Trompetista rouba a cena novamente ao tocar "Tá na hora do Jair" na PF após prisão de Bolsonaro Fotos: Reprodução / Redes Sociais / @Trom_Petista / @joedsonalves & @LulaMarques
O militante do PT Fabiano Leitão, conhecido como Trompetista, voltou a chamar atenção ao tocar a música “Tá na hora do Jair” em frente à Superintendência Regional da Polícia Federal, em Brasília, após o ex-presidente Jair Bolsonaro ser preso preventivamente. Além do hit satírico, o trompetista também tocou a marcha fúnebre em provocação.
Não é de hoje que Fabiano é visto protagonizando cenas semelhantes. Em março deste ano, o Trompetista tocou a marcha fúnebre durante uma entrevista de Jair Bolsonaro.

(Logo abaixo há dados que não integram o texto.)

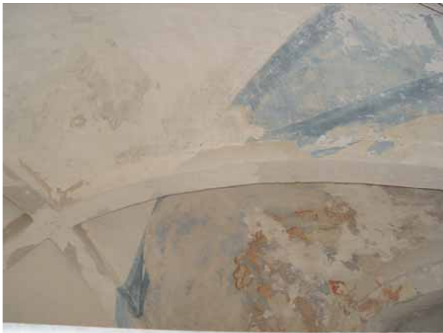
Draperimålning i blått med underliggande äldre dekorationsmåleri.

kapporna, anslutande valvribbor och sköldbågar. Den i valvkapporna med anslutande valvribbor och sköldbågar himmelsblå färg får närmast betecknas som resterna av en målad baldakin. Med tanke på att blå färgämnen genom tiderna varit svåra, och framförallt dyra, att få fram var det först under 1800 talets första hälft som tillgången till syntetiska blåa färger gjorde det möjligt att i någon större utsträckning använda dessa pigment. Det är möjligt att den blå målningen tillkom så sent som i samband med Helgo Zettervalls stora restaurering 1876-77 men troligare kan arbetet sättas i samband med empireperioden.
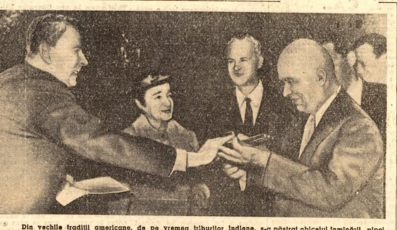
Din vechile tradiții americane, de pe vremea triburilor indiene, s-a păstrat obiceiul înmînării „pipel păcii”, ca un simbol al păcii și prieteniei. Potrivit acestui obicei, la 23 septembrie omul de știință american W. Pierce l-a vizitat pe N. S. Hrușciov la reședința sa pentru a-i înmîna o „pipă a păcii”. (Telefoto din New York)
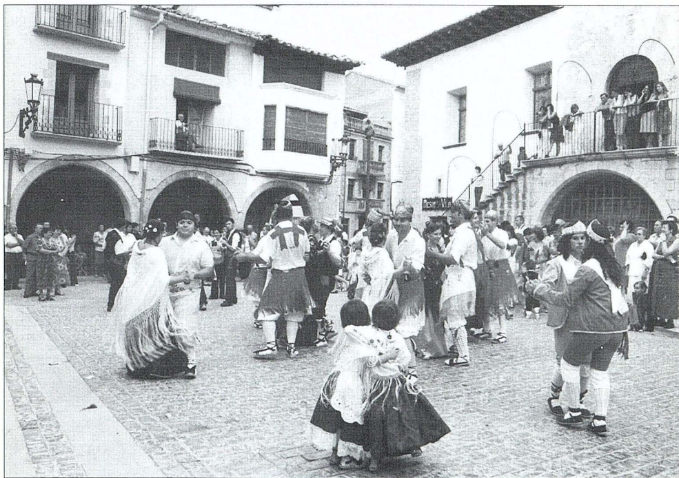
Al final de les danses...

La coetà va tancar aquests dies de tradicions per donar pas a una programació més lúdica, en la que els bous van tenir un lloc prominent, destacant un bou embolat amb cinc boles i l'exhibició que van fer els alumnes de l'Escola Taurina de Castelló. Entre els alumnes participants el més aplaudit va ser el forcallà Castel conegut en cercles taurins com «El Niño
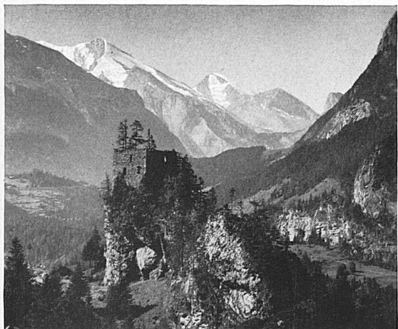
Oben: Die romantische Felsenburg beim Blausee mit Blick gegen Altels und Rinderhorn. Die Lötschbergbahn umfährt sie in großer Kehre. — En haut: La pittoresque ruine de «Felsenburg» près du lac Bleu; coup d'œil sur l'Altels et le Rinderhorn. Le chemin de fer du Lötschberg l'entoure d'un large cercle pour gagner de l'altitude.
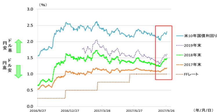
図表2 米10年国債利回りとFFレート先物市場に 織り込まれる政策金利見通しの推移 (2016年9月27日～2017年9月27日、日次)

※FFレート:フェデラル・ファンド・レート(=米国の政策金利) ※図中のFFレートは、誘導目標水準の下限を表示
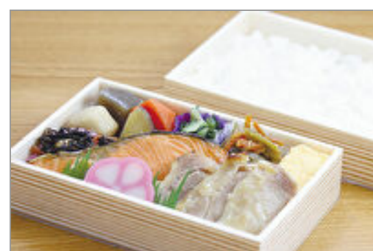
＜古町小包＞にぎわい膳

商品によっては、注文条件やオプション・サービス等がございますので、詳しくはWEBでご確認ください。
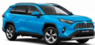
8W9 Modrá – azurová metalický lak 15 000 Kč
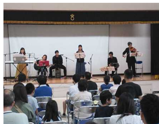
おとんの会が行った親子音楽会を招いて行った企画で、演奏家を
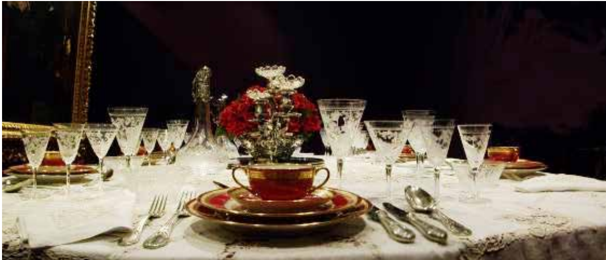
Juego de mesa de porcelana policromada y dorada de Limoges, cristalería de Baccarat, platería y mantel, fines del siglo XIX y comienzos del XX.

Se optó por un estilo neo-renacimiento italiano, cubriendo sus paredes y techo de tallas debidas al arte de los Briganti, se lo iluminó con cuatro apliques y un candelero de dieciséis brazos de la casa Perazzo y Cía., se lo dotó de un cúpula y ventanales laterales de vitraux, unos de producción nacional y otro con cristales de Bohemia, probablemente traído de las casas de los Fernández Blanco en Europa. Se encargaron cuatro tapices a la firma francesa Braquenie et Cie., con motivos bucólicos, se bordaron los manteles con las iniciales de los dueños de casa y se adquirió la vajilla de porcelana en Limoges y la cristalería fue tallada a mano en Baccarat. El juego de té era de plata de Sheffield y se servía en una mesa del mismo material precioso sobre un doble presentoire y en tazas de porcelana de Meissen.
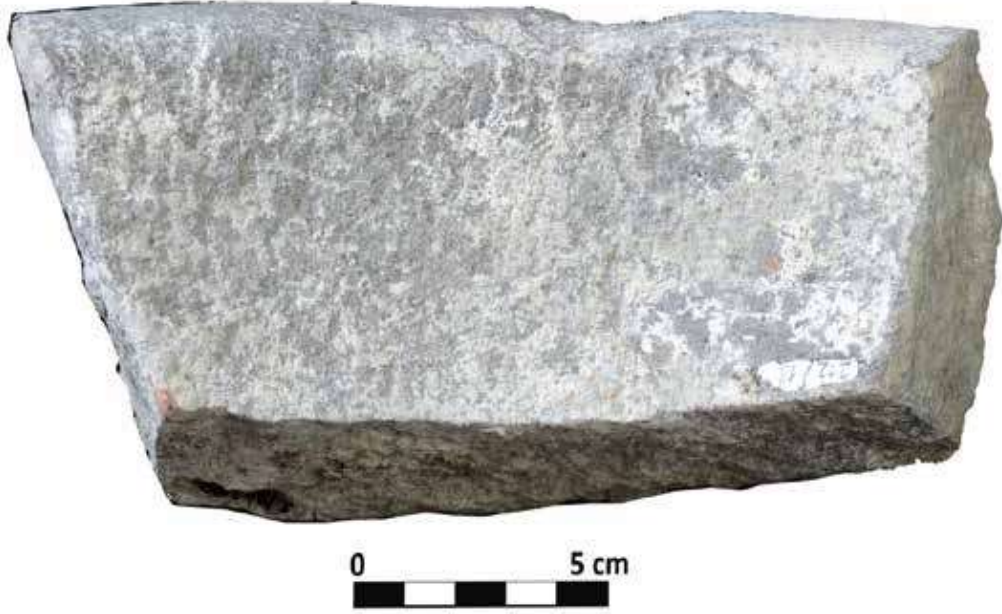
Şek. 19: Taş, mortarium gövde parçası Fig. 19: Stone, fragment of mortarium
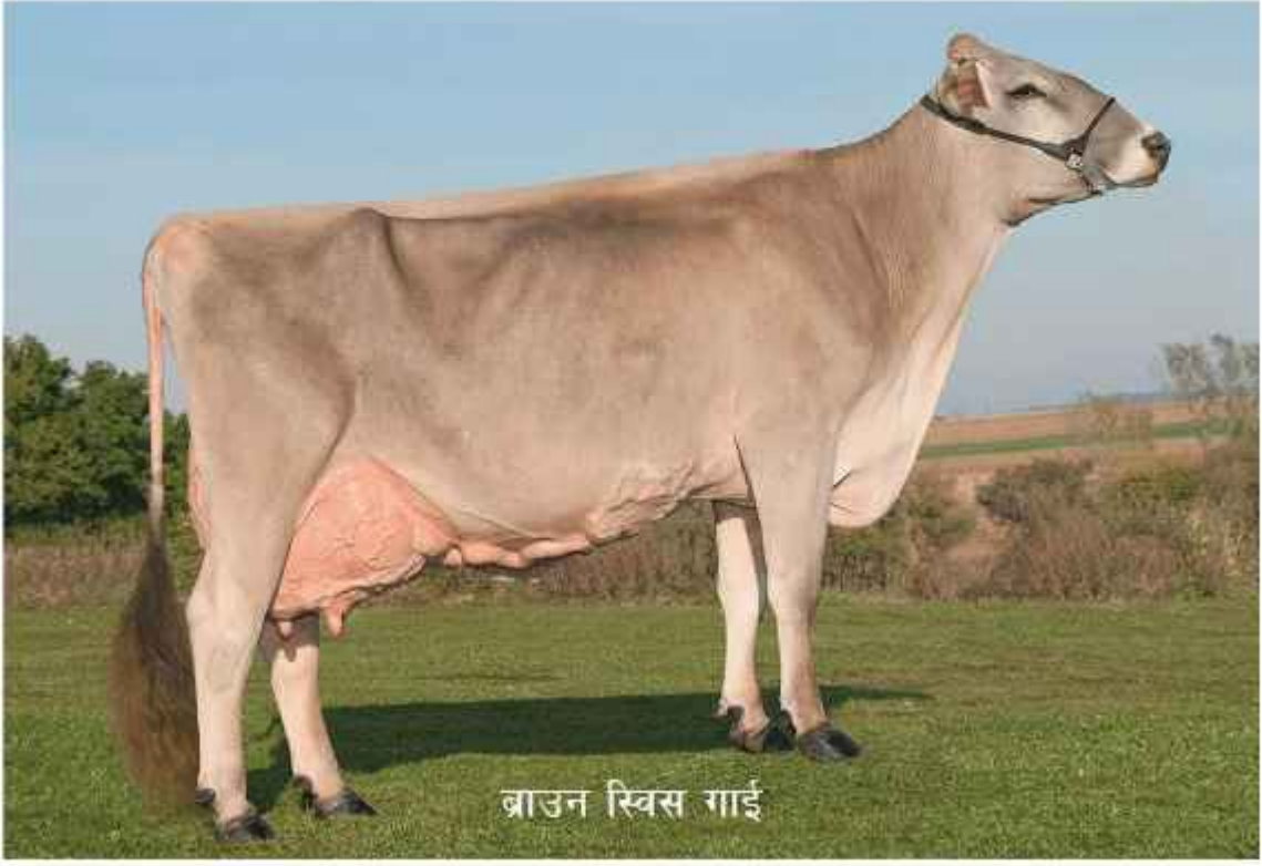
ब्राउन स्विस गार्ड
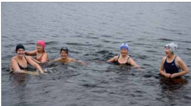
Iloisia uimareita nähtiin talviuintikauden avauksessa Rajamaan rannassa.
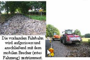
Ausbau Loyer Weg / Hankhauser Weg

Der Loyer und Hankhauser Weg sind in den Sommerferien für rund 318.000 Euro saniert worden. Das hier erstmalig eingesetzte „Mixed-at-place-Verfahren“ hat sich bestens bewährt. Bei diesem Verfahren werden die vorhandenen Steine an Ort und Stelle gebrochen und mit Zement und zusätzlichen Mineralgemisch gemischt, aufgearbeitet und anschließend wieder als Frostschutzschicht eingebaut.
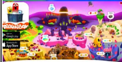
Thousands of math problems to solve Dragonbox Big Numbers
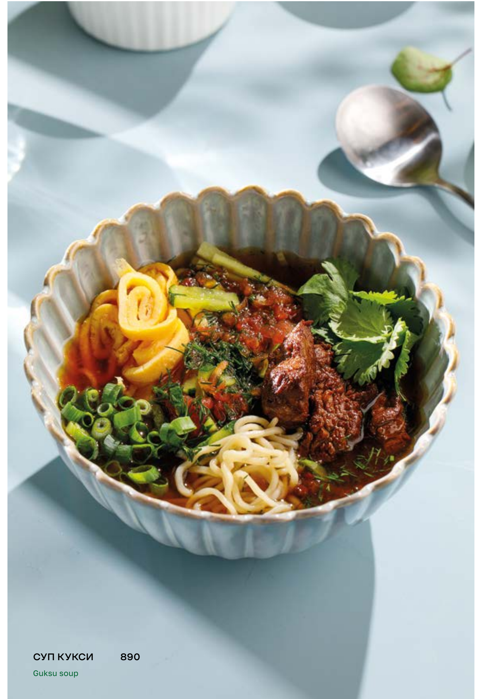
СУП КУКСИ 890 Guksu soup

O militante chegou inclusive a ser preso durante o Governo Bolsonaro ao tentar impedir um desfile de veículos na Esplanada dos Ministérios. Um pouco ante, em 2018, após a eleição de Bolsonaro, o trompetista tocou o "Olê, olê, olê olá, Lula, Lula", próximo ao muro do Centro Cultural Banco do Brasil, onde funcionava o governo de transição.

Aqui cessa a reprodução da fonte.